Content Data Store
Content Data Store (CDS) is a system to provide storage facilities to massive data sets in the form of images, pdfs, documents and scanned documents. This dataset is processed, organized and managed by CDS. CDS is a fast data ingestion and lookup system for heterogeneous dataset and its content. Businesses want to store heterogeneous data from various sources into Hadoop or NoSQL databases and run analytics on its contents.
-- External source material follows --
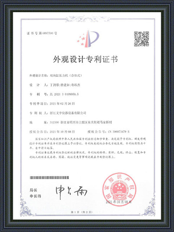 Udseende Design Patentcertifikat

This requires for a platform that can help to build a scalable and structured data store and that’s what CDS is meant for.
- High Speed Image Store
- Content Store
- Real Time Analytics
- Text detection & extraction
- Document Analysis
- Actions & Decisions
The API has been tested on the following HDP 2.5 components:
- Apache Hadoop 126.96.36.199.4
- Apache Kafka 0.10.0.1
- Apache Hbase 2.0.0-SNAPSHOT
- Apache Solr 6.2.1
- Apache Maven
- Java 1.7 or later
CDS Technology Stack
- System – HDFS, NoSQL( Hbase), Apache Hive
- Scheduling System – Apache Oozie
- Reporting System – Zeppelin, Custom UI, Webhdf, Hue
- Indexing- Apache Solr
- Programming Language – Java
- IDE – Eclipse
- Operating System – Centos, Ubuntu
- UI- Banana
Content Data Store (CDS) harnesses the power of Apache Hadoop, Tesseract, NoSQL database and Apache Solr. CDS comes along with an automated system where once the data reaches HDFS, the Oozie scheduled event allows the CDS agent to pick the file and its content and process it forward. Any data file can be processed and CDS agent automatically detects the file format, its size and stores it into respective databases.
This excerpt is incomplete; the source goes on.